Paper surveys are being phased out, so now surveys are emailed at the end of every cruise, and we can see results in real time as they are being filled out. No more waiting.

According to recent data, only 1 in 20 people will complain about a product or service.  The rest will just go to your competition. So isn’t it in your best interest to know from your customers what are your strengths and weaknesses? What you are doing great, and where you can improve?

There are many ways to get the information from your customers that will help grow your business, but before you begin, ask yourself a few key questions:

  • Why are you collecting this information?
  • How will you use the data once it comes in?

One of the key questions that any business can ask, and sometimes it is the only question you need to ask is:

  • On a scale of 1 to 10, how likely are you to recommend our product or service to your family or friends?

It’s called the Net Promoter Score (NPS) and is a valuable tool to see where you stand with your customers. The higher the NPS, the better you are doing as a company. You want your customers to be your best source of advertisement and referrals, but you need to know how they feel about you.

There are many avenues to dig deeper to get a better understanding of how your customers feel about your product or service, including:

  • Email surveys
  • Customer Contact Forms
  • Internet survey companies
  • Listening to what social media is saying about you
  • Monitoring message boards
  • Live chat
  • Surveys at the end of orders
  • Leaving buyer feedback (think Amazon)

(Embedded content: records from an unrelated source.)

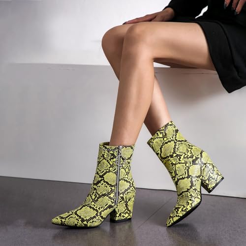 SHEMEE Women's Snakeskin Chunky High Heels Booties Pointed Toe Block Heel Snake Print Side Zipper Ankle Boots Fashion Dress Shoes 4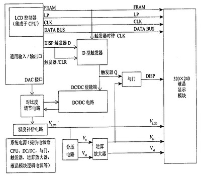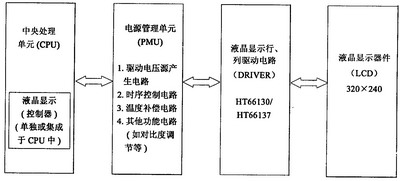 實(shí)現(xiàn)液晶顯示須具備4個(gè)單元,其框圖如圖1所示。本文給出的電源管理電路設(shè)計(jì)方案具有驅(qū)動(dòng)電壓產(chǎn)生、時(shí)序控制、溫度補(bǔ)償和對(duì)比度調(diào)節(jié)的功能,其框圖如圖2所示。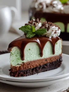 The result? A silky, airy filling with cool mint flavor and rich chocolate cookie crunch in every bite. Best of all, this dessert is no-bake and freezer-set, making it an easy make-ahead treat for parties or holiday gatherings.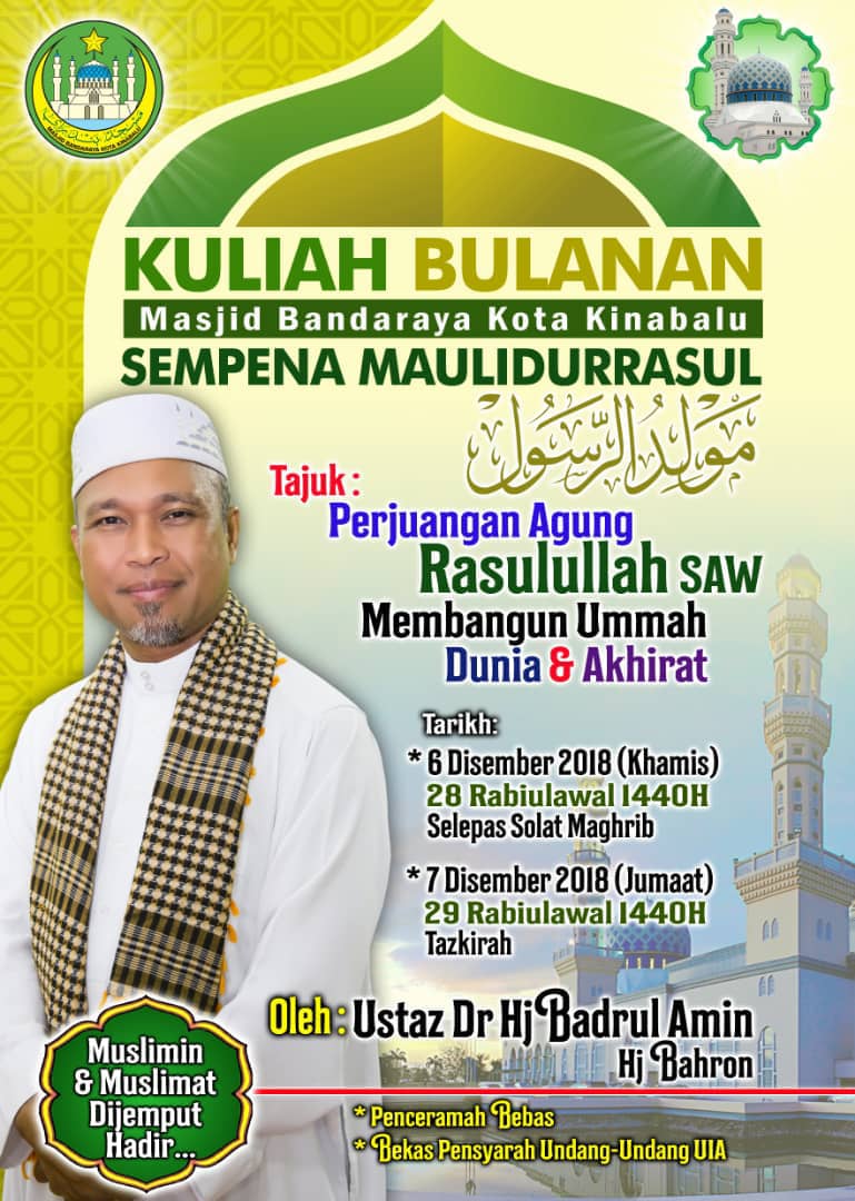 Masjid Bandaraya Kota Kinabalu على تويتر Jangan Lupa Hari Ini Kuliah Bulanan Masjid Bandaraya Kota Kinabalu Sempena Maulidurrasul 6 Disember 2018 Khamis Selepas Solat Maghrib Tazkirah Jumaat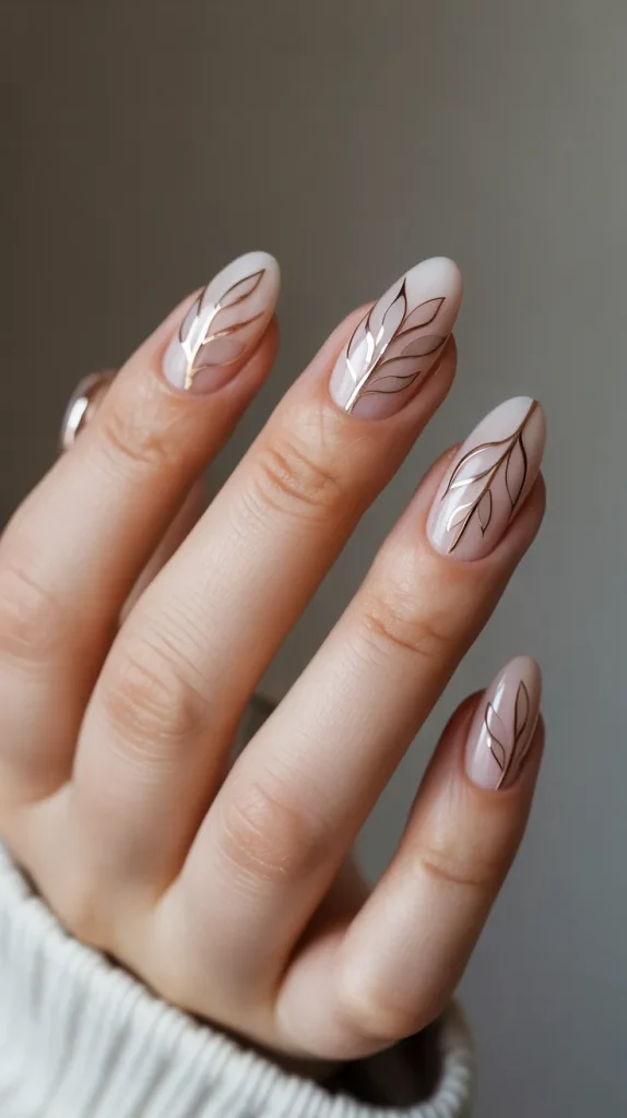Less is more with this style. A beige base plus thin metallic leaf outlines creates a sleek art deco nails vibe. Perfect if you love minimalist designs with a hint of shine.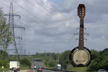 A huge banjo sculpture will not be looming over the A47 Southern Bypass in Norwich, UK. (Photo Illustration by London Shearer Allen; Credits: Graham Hardy via Geograph and Arent via Wikipedia)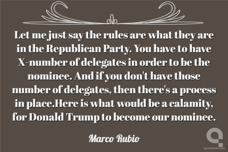 Let me just say the rules are what they are in the Republican Party. You have to have X-number of delegates in order to be the nominee. And if you don't have those number of delegates, then there's a process in place.Here is what would be a calamity, for Donald Trump to become our nominee.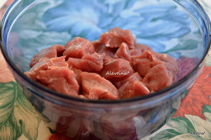 Свинина вырезка не жирная нарезать кубиками.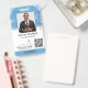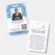 Church ID badge in white and blue with fluffy white clouds against a blue sky. Personalize the ID badge with an ID photo, name and title, the church logo, and a QR code.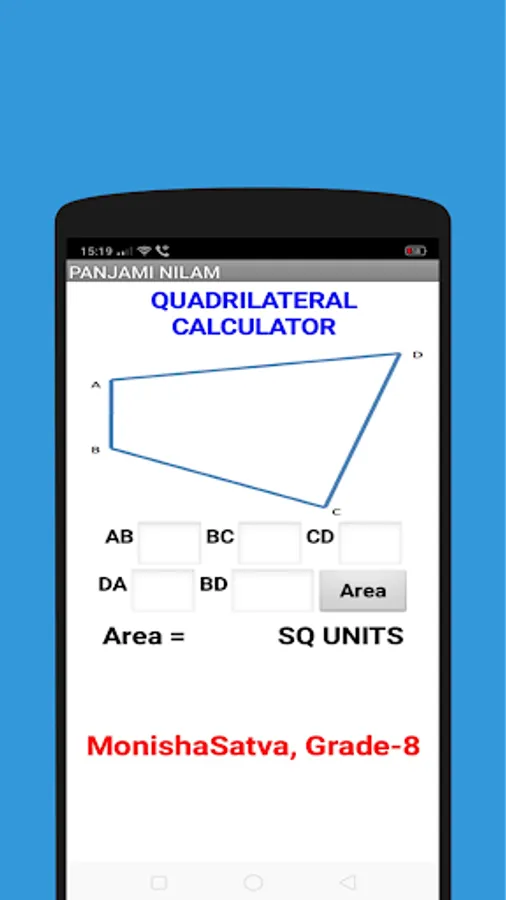This app helps to measure the area of any land if the four uneven sides and one diagonal is known..

When constructing a survey, according to Helpscout, it’s important to remember:

  • Ask questions that fulfill your end goal
  • Construct smart, open ended questions that are relevant
  • Ask one question at a time, and avoid unnecessary questions
  • Make rating scales consistent
  • Avoid leading or loaded questions
  • Make use of yes/no questions
  • If you want, offer a small incentive (free trial, small discount off next purchase, free shipping, free samples, gift cards), but do not solicit
  • Ask for positive feedback, as well as constructive comments

Gathering this ever important information is the first step to knowing what you do best, and what areas you need to focus on to improve.

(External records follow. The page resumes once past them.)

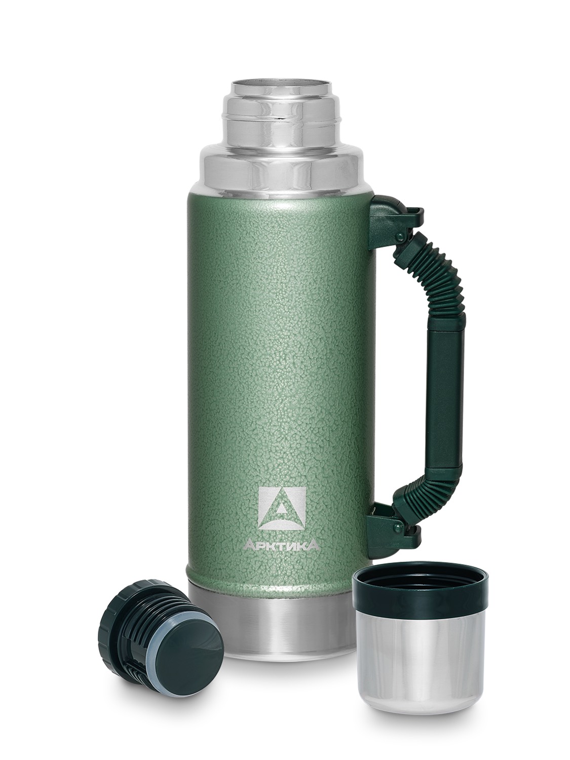 Благодаря оптимальной конструкции крышка термоса плотно прилегает к горлышку, обеспечивая 100% герметичности. Модель оснащена удобной складной ручкой для переноски. Покрытие из молотковой эмали, серия имеет 2 цвета на выбор: чёрный и зёленый.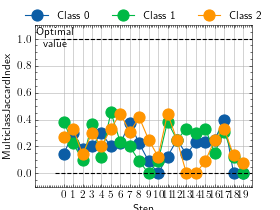 >>> # Example plotting a multiple values per class >>> from torch import randint >>> from torchmetrics.classification import MulticlassJaccardIndex >>> metric = MulticlassJaccardIndex(num_classes=3, average=None) >>> values = [] >>> for _ in range(20): ... values.append(metric(randint(3, (20,)), randint(3, (20,)))) >>> fig_, ax_ = metric.plot(values)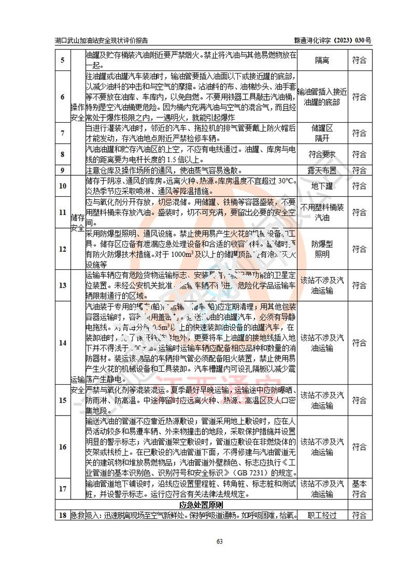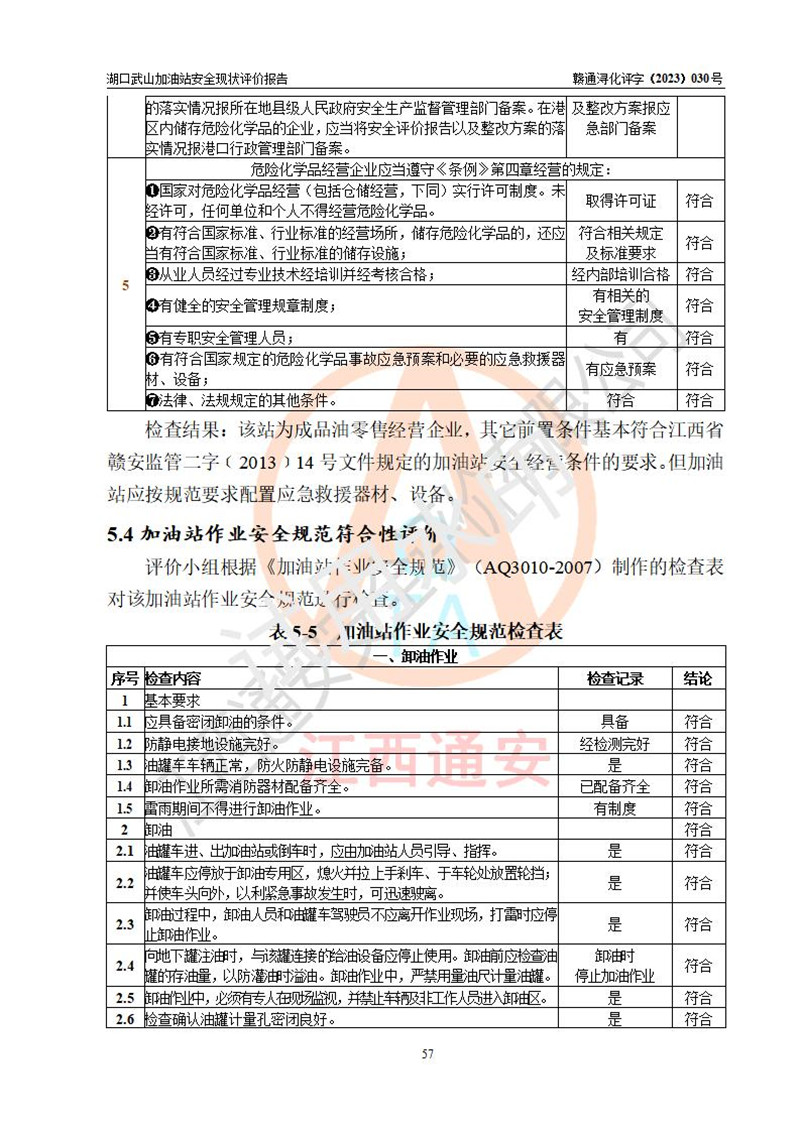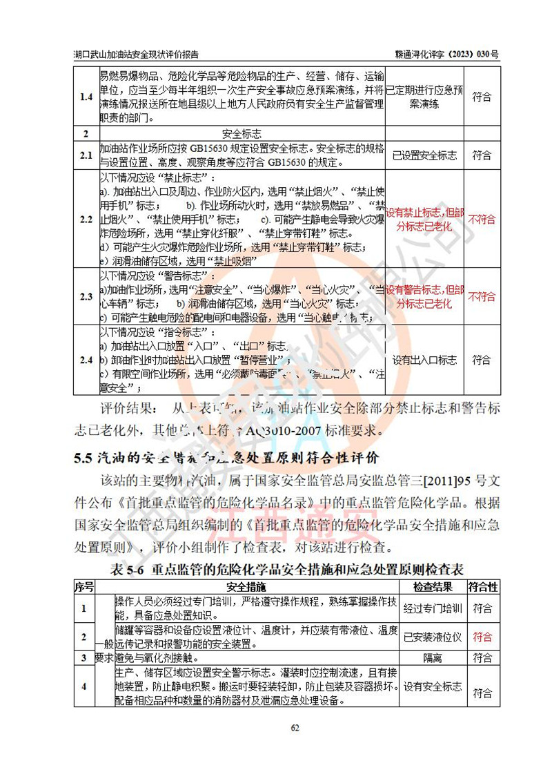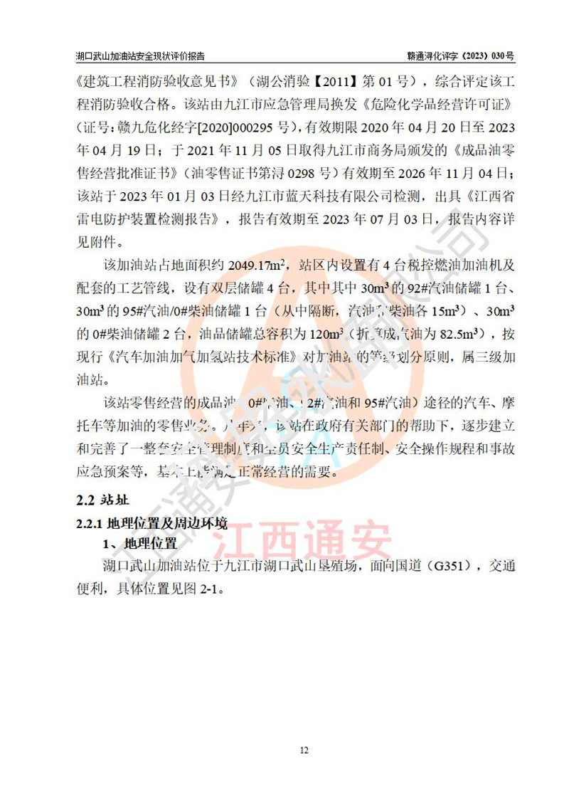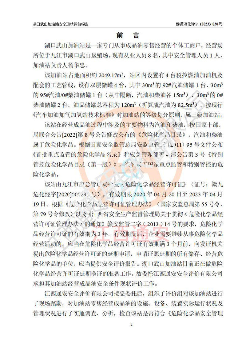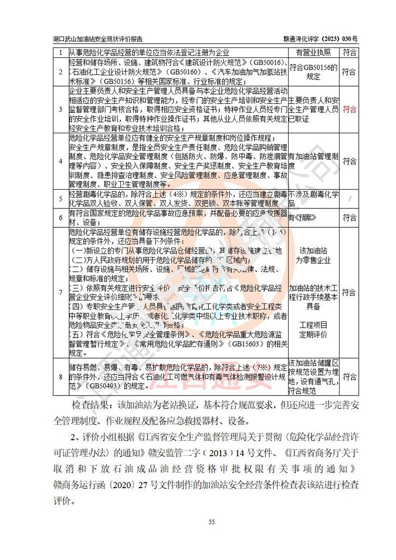 湖口武山加油站涉及的安全條件、安全經(jīng)營條件、安全生產(chǎn)管理符合《危險化學(xué)品經(jīng)營許可證管理辦法》、《汽車加油加氣加氫站技術(shù)標(biāo)準(zhǔn)》等**有關(guān)法規(guī)、標(biāo)準(zhǔn)、規(guī)范要求,能滿足危險化學(xué)品經(jīng)營安全條件。

If possible, try and display your positive comments (ask permission first), so potential customers can see what is being said about you. And make sure to follow up with customers who let you know if you did not live up to their expectations in any way. Let them know you appreciate the feedback, and you are working to address their concerns. You’d be surprised how many people will give you a second chance if you prove to them you value their feedback and are taking corrective action. Making that personal connection is the first step toward repeat business and customer loyalty. And it all starts with knowing what your customers think.